The Peak District may hold a rather grandiose promise hidden in its name, alluding to towering mountains and dramatic cliffs right in the heart of England. That’s exactly why there may be some disappointment in store for those, who expect ski-slopes and mountain trails barely three hours north of London. But for those with a soft spot for picturesque country lanes, dainty villages and an endless assortment of beef grazing on the horizon, you won’t need to look any further.
The “peaks” mentioned in the misleading name of this national park are actually nothing but mere hills rolling over miles and miles of beautiful landscape, perhaps reminiscent of the often moody and yet stunning countryside in Ireland, or even – with some imagination and positive thinking – one of NZ’s national parks.
Villages connect with each other through age-old country roads, including the treacherous Snake Pass, where the winding curves of this tricky thoroughfare record Britain’s highest number of road accidents annually. But other than reckless driving issues, there’s nothing like a pilgrimage to these little villages, which makes the trip to the Peak District all the more worthwhile. Whether you decide to hire a car or hike the distance in your blue suede shoes, a weekend trip up the M1 to the Peak District is bound to inspire you and fill your air sacks with some clean country air, refreshing your mind and spirit before getting back to your humdrum life in London.

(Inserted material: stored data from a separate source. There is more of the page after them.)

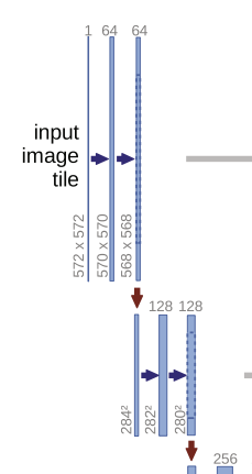 각 단계마다 conv(3x3) 2회 + maxpool(2x2) 1회씩 하며 내려간다. 인풋 사이즈가 572인데, 채널 수는 64로 동일하고 이미지 사이즈만 레이어 1개당 2씩 줄어든다.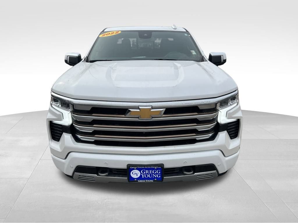 Our **Accident Free**2022**Chevrolet**Silverado 1500**High Country**Crew Cab**4X4**Premium Package**Sunroof** is comfortable and commanding in Iridescent Pearl Tricoat! Motivated by a 5.3 Liter EcoTec3 V8 that offers 355hp to a 10 Speed Automatic transmission so you're well-prepared for what the day may bring. This Four Wheel Drive truck also maximizes its potential with a high-capacity suspension, and it achieves nearly 20mpg on the highway. A proud presence, our Silverado provides LED lighting, cargo-bed lamps, dual exhaust outlets, chrome assist steps, a Chevytec spray-on bed liner, chrome recovery hooks, a power tailgate, and our package for a power sunroof and 22-inch alloy wheels.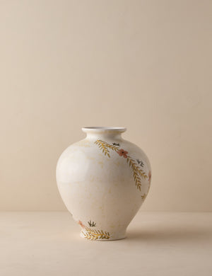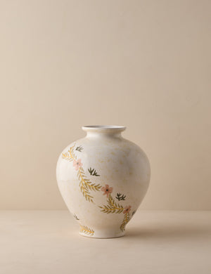 Heidi Caillier infuses this exclusive collection with all the warmth, pattern, and nostalgic details that define her celebrated interiors. The Bea vase features a floral motif that brings a delicate, storied charm to its classic silhouette. Style it with fresh stems or branches for an inviting centerpiece on a console, dining table, or entry vignette.

An obvious starting point for the inspiring journey is perhaps rather surprisingly Sheffield, as excellent transportation links by rail, bus or car to the northeastern city can get you to the border of the Peak District in virtually no time. Sheffield has come into its own and has long overcome its stigma of being a dirty, industrial city unworthy of ever paying it a second glance. It is by no means the Paris of the north, but a pleasant respite away from London, where the hilly streets of the town centre and welcoming hospitality of many enjoyable pubs and restaurants in the many town squares begin to give you that proverbial fresh breath of air that any major change in location will inadvertently bring along.
After completing a stroll through Sheffield’s pedestrianised high street and checking out all the local sights, you can begin your journey west through the Peak District, ideally by hitting the village of Baslow first. Home to Chatsworth House, a glorious country estate used by aristocracy for centuries, you will get the “royal treatment” while taking a guided tour, enjoying the country shop or having lunch at the delicious canteen, which hosts an outstanding selection of British desserts. Your history lesson will stretch from Edward the Confessor to Georgiana Cavendish, Duchess of Devonshire, whose biography was recently propelled into popular culture with the production of the Kiera Knightley blockbuster, The Duchess, filmed on location – with a foray all the way to the Kennedy dynasty.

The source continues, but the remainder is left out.